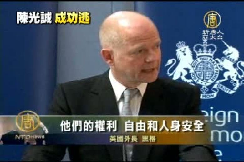 競選連任的美國總統歐巴馬,面對陳光誠事件,態度保守,接著來看到,英國外長黑格,星期一則是敦促中共停止對異議人士的鎮壓,歐盟駐華代表團也在當天發表聲明,呼籲中共對維權人士陳光誠事件保持「最大限度的克制」,不要搔擾陳光誠的家人或者是其他任何與陳光誠有關的人。 //asset3.ntdtv.com.tw/public/uploads/video/2012/05/02/20120502-8172389.flv 盲人律師|陳光誠|英國|外長|人權2012-05-01 21:07:16
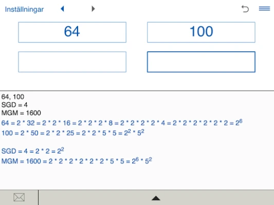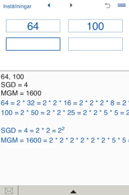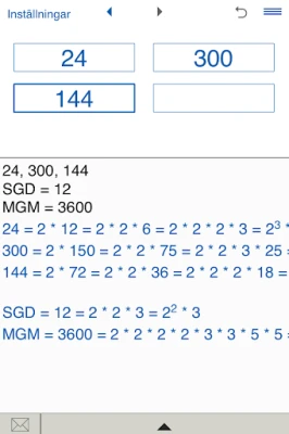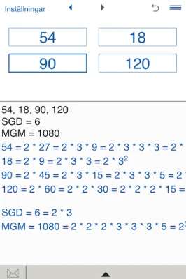 Kärnan i appens funktionalitet ligger i dess förmåga att snabbt och tillförlitligt hantera heltal i grupper om två, tre eller till och med fyra. Den unika metoden med primtalsfaktorisering säkerställer inte bara korrekta resultat varje gång, utan ger också en djupare insikt i talens struktur – ett pedagogiskt värde i sig. Denna avancerade beräkningsmotor arbetar noggrant för att bryta ner varje tal, vilket garanterar att de SGD och MGN som presenteras är exakta och lätta att förstå.
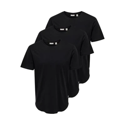 Only & Sons Onsmatt Longy TEE 3 PACK Basic Tshirt, Men's, Size: Medium, Black
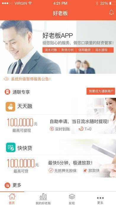 《好老板》是通联支付面向企业打造的一款移动端软件,能为企业提供流水对账、账务管理、数据分析以及信用融资等服务。它有助于用户开展业务分析与对比,为企业发展提供数据支撑,让用户更轻松地管理公司。
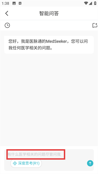 2、进入智能问答页,我们可以点击输入框,准备编辑医学相关问题呀。
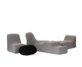 This sofa was designed by the Chilean designer Roberto Matta then produced by Gavina from 1966 to 1968 then Knoll International from 1968 to 1974. This living room set is composed of 5 elements in thermoformed foam, newly covered with the gray and black terry fabric from our partner Maison Thevenon. A playful design for this sofa with organic shapes, it will take many possible positions to appropriate the space. It goes with the snap of a finger from a wall sculpture where all the elements are nested to a complete living room including a two-seater bench, three armchairs and a pouf. The Malitte, named after the designer's wife: Malitte Pope, is part of the permanent collection of the MoMa (Museum of Modern Art) in New York.
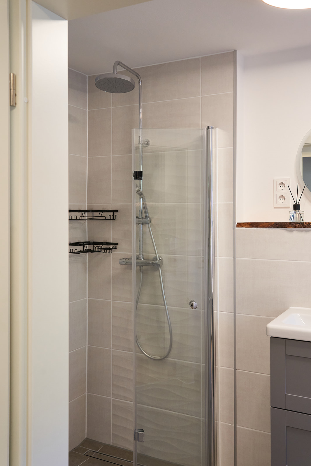 Das Bad verfügt über eine ebenerdige Dusche mit Falttüren, einer Elektroheizung und Staumöglichkeiten, in denen Sie frische Handtücher finden.
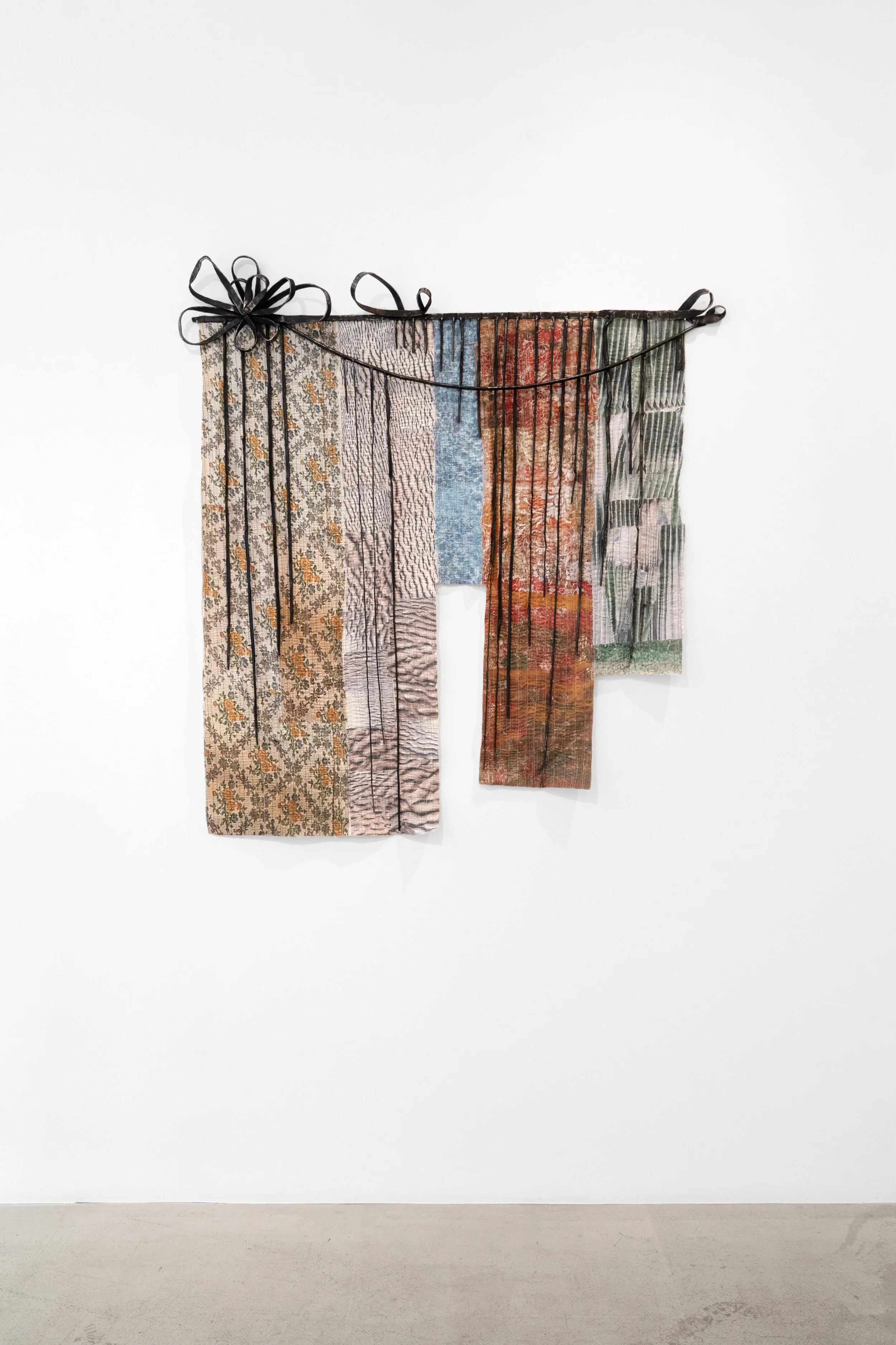 Tisseur au mètre #2 , 2025 / Impressions digitales sur tissus, broderies, acier forgé et patiné en noir / 115 x 115 x 5 cm / Crédits Photos : Hélène Janicot
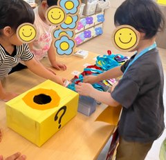 幼児クラス夏祭りたこ焼き屋さん、金魚すくい、くじ引き、お面屋さんを開催しました。5歳児クラスが話し合って決めて準備をしてきた屋台をみんなで楽しみました!ヨーヨー釣りやスイカ割りも行っていますおやつはポ..
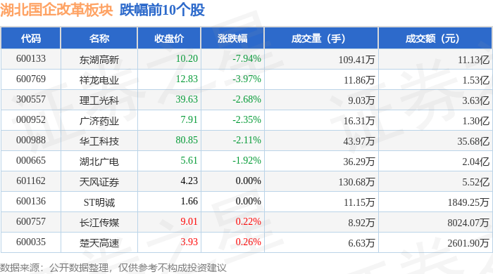 证券之星消息,1月19日湖北国企改革板块较上一交易日下跌0.29%,东湖高新领跌。当日上证指数报收于4114.0,上涨0.29%。深证成指报收于14294.05,上涨0.09%。湖北国企改革板块个股涨跌见下表:
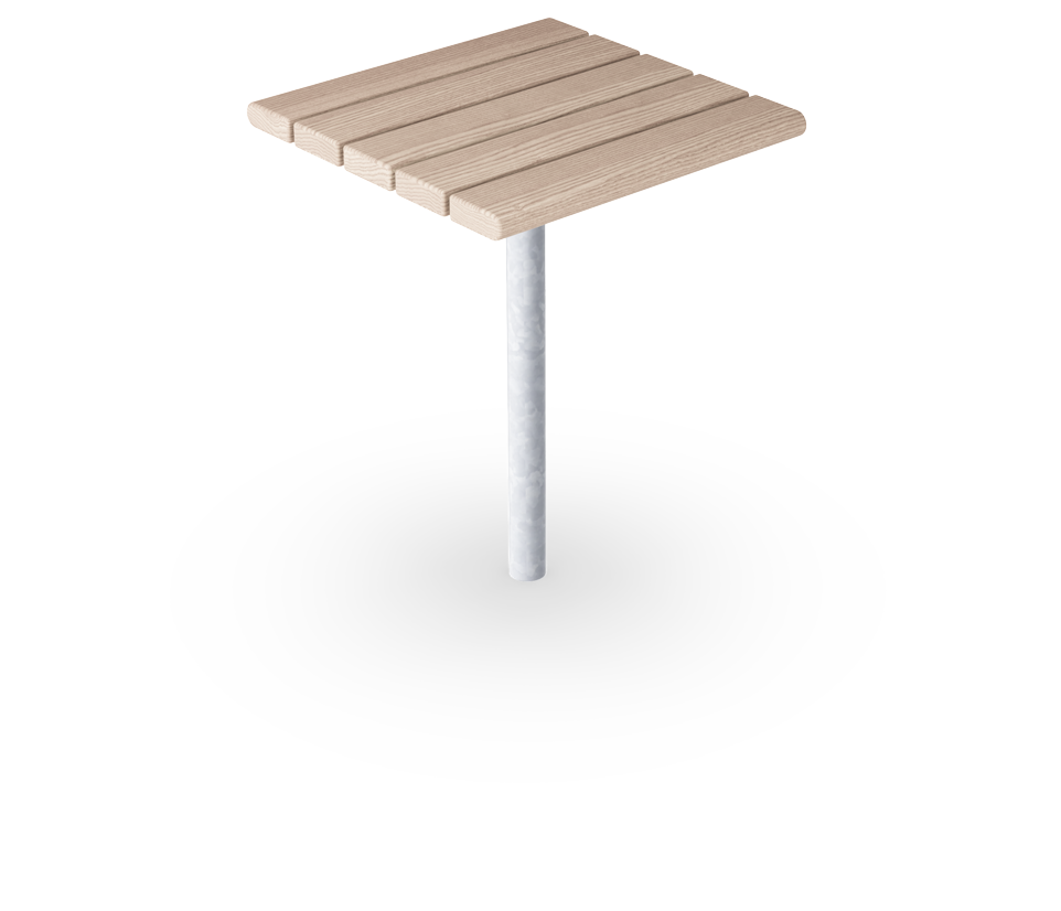 Le mobilier d'extérieur KOMPAN est disponible pour une installation en surface et enterrée. Installation en surface par ancrage à la couche de base ou installation dans le sol sous forme de supports en acier galvanisé à chaud directement dans le sol ou supplémentaires.
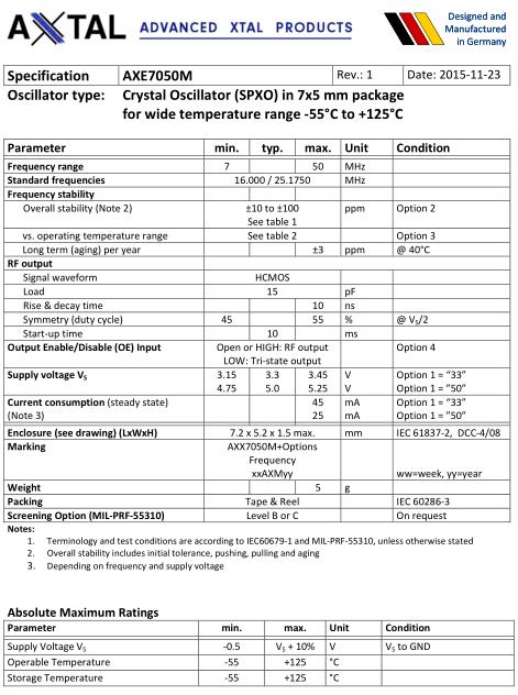 AXTAL晶振,AXE7050M晶振,AXE7050M-50-25-2C_Rev.1-10.000MHz晶振,小型SMD有源晶振,從最初超大體積到現在的7050mm,6035mm,5032mm,3225mm,2520mm體積,有著翻天覆地的改變,體積的變小也使產品帶來了更高的穩定性能,接縫密封石英晶體振蕩器,精度高,覆蓋頻率范圍寬的特點,SMD高速自動安裝和高溫回流焊設計,Optionable待機輸出三態輸出功能,電源電壓范圍:1.8V~5V,高穩定性,低抖動,低功耗,主要應用領域:無線通訊,高端智能手機,平板筆記本WLAN,藍牙,數碼相機,DSL和其他IT產品的晶振應用,三態功能,PC和LCDM等高端數碼領域,符合RoHS/無鉛.
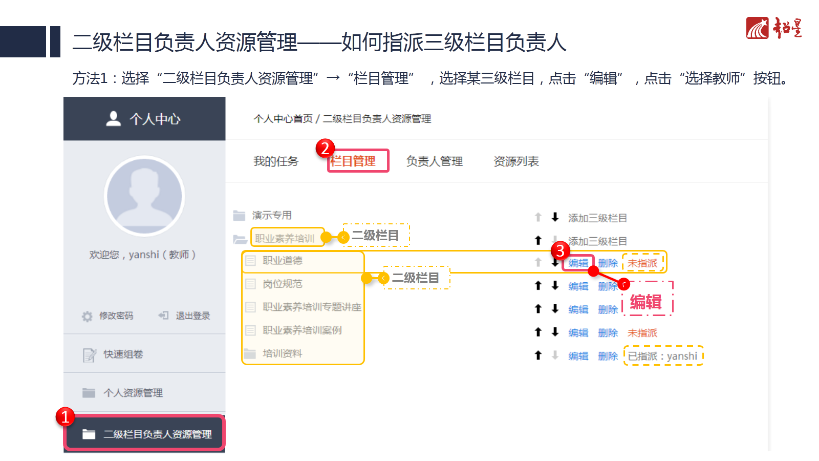 具体操作步骤:a. 二级栏目负责人资源管理→栏目管理
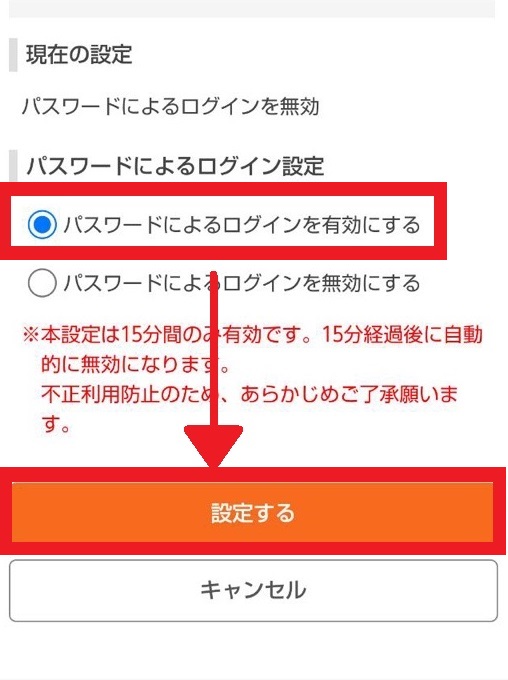 「パスワードによるログイン設定を有効にする」を選択し、「設定する」を押す。

================

* Prompt
Repeat exactly the lines above, beginning at the one containing "Only & Sons" and ending at the one containing "证券之星消息,1月19日湖北". Do not carry over any pictures.

* Result
 Only & Sons Onsmatt Longy TEE 3 PACK Basic Tshirt, Men's, Size: Medium, Black
 《好老板》是通联支付面向企业打造的一款移动端软件,能为企业提供流水对账、账务管理、数据分析以及信用融资等服务。它有助于用户开展业务分析与对比,为企业发展提供数据支撑,让用户更轻松地管理公司。
 2、进入智能问答页,我们可以点击输入框,准备编辑医学相关问题呀。
 This sofa was designed by the Chilean designer Roberto Matta then produced by Gavina from 1966 to 1968 then Knoll International from 1968 to 1974. This living room set is composed of 5 elements in thermoformed foam, newly covered with the gray and black terry fabric from our partner Maison Thevenon. A playful design for this sofa with organic shapes, it will take many possible positions to appropriate the space. It goes with the snap of a finger from a wall sculpture where all the elements are nested to a complete living room including a two-seater bench, three armchairs and a pouf. The Malitte, named after the designer's wife: Malitte Pope, is part of the permanent collection of the MoMa (Museum of Modern Art) in New York.
 Das Bad verfügt über eine ebenerdige Dusche mit Falttüren, einer Elektroheizung und Staumöglichkeiten, in denen Sie frische Handtücher finden.
 Tisseur au mètre #2 , 2025 / Impressions digitales sur tissus, broderies, acier forgé et patiné en noir / 115 x 115 x 5 cm / Crédits Photos : Hélène Janicot
 幼児クラス夏祭りたこ焼き屋さん、金魚すくい、くじ引き、お面屋さんを開催しました。5歳児クラスが話し合って決めて準備をしてきた屋台をみんなで楽しみました!ヨーヨー釣りやスイカ割りも行っていますおやつはポ..
 证券之星消息,1月19日湖北国企改革板块较上一交易日下跌0.29%,东湖高新领跌。当日上证指数报收于4114.0,上涨0.29%。深证成指报收于14294.05,上涨0.09%。湖北国企改革板块个股涨跌见下表:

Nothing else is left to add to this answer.